In addition, a method of extracting components of turmeric by chilling for several days, for example, 5-7 days using a solvent such as methanol and ethanol, which are widely used for chilling herbal medicines, is disclosed in the art as described below. .

Cancer is a chronic disease caused by abnormalities of cell proliferation control due to congenital (genetic) and acquired (environmental) factors, and it is not fundamentally cured even if it is treated with surgery, radiation, and chemotherapy once it develops into a malignant tumor. It is a disease that causes pain to the patient and ultimately leads to death. Recently, with the development of life sciences, as the understanding of the causes and mechanisms of cancer increases, new treatments for cancer are rapidly detected, which inhibits the development of cancer before metastases to malignant tumors or other tissues. There is a growing interest in the so-called cancer prevention method. In the case of Chinese herbal medicine, since it is less toxic than conventional anticancer drugs and has been applied to the clinic for a long time, its safety is already known, and thus it is highly likely to be developed as a cancer prevention therapeutic agent.

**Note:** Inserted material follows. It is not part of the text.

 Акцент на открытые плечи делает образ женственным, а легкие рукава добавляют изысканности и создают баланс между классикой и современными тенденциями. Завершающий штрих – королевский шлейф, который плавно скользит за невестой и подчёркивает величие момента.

However, in the case of herbal medicines, the scientific basis of pharmacological activity is usually unclear due to the relationship between a plurality of ingredients used in the extract, and the concern of side effects due to the use of the mixed extract cannot be excluded. It has now been found that DC, the active ingredient of turmeric, and the novel derivatives synthesized by the present invention are safe and useful angiogenesis inhibitors.

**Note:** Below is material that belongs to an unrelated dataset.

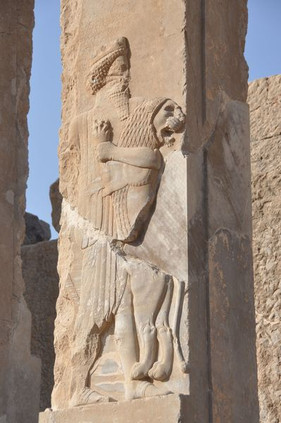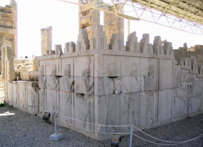 Devam edince Ana kapılarında Şehriyar ve Aslanın Savaşı [15] isimli Ahameniş mimari motiflerinden oymaların bol olduğu Yüz Sütun Sarayı [16]

The inventors focused on the effectiveness of DC (demethoxycurcumin), an active ingredient of turmeric that inhibits angiogenesis, and studied a method of extracting and purifying them more efficiently. Finally, the present inventors discovered an extraction method with excellent yield and completed the present invention. .

Accordingly, an object of the present invention is to select turmeric known as the most potent activity among the several herbal medicines that have been found to have cancer proliferation and cancer metastasis inhibiting activity, from which the pharmacologically active ingredient, namely demethoxycurcumin (DC) It is to provide a method for efficiently extracting and purification.

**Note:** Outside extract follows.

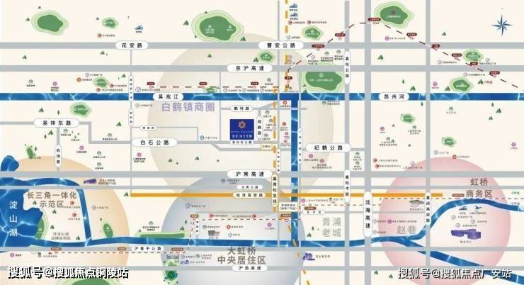 市域铁路:未来市域铁路嘉青松金线,将贯穿嘉定、青浦、松江和金山,届时白鹤将与青浦新城直接连通,并换乘轨交17号线和沪苏嘉城际线。

DC, which has been found to be an anti-angiogenic component of turmeric that is already used in clinical practice, can be used as a lead compound in the development of new cancer preventive agents and related new drugs.

Figure 1 shows the chemical structure of demethoxycurcumin (DC).

2 is a schematic diagram of a method for separating and purifying DC from turmeric.

3 is a graph showing the toxicity of vascular endothelial cells of DC.

4 is a graph showing proliferation inhibitory activity against vascular endothelial cells of DC.

5 is a photograph showing the blood vessel inhibitory activity of DC.

6 is a bar graph showing the inhibitory activity of the basal tissue infiltration action of vascular endothelial cells of DC.

7 is a bar graph showing the inhibitory activity against chemotaxis of vascular endothelial cells of DC.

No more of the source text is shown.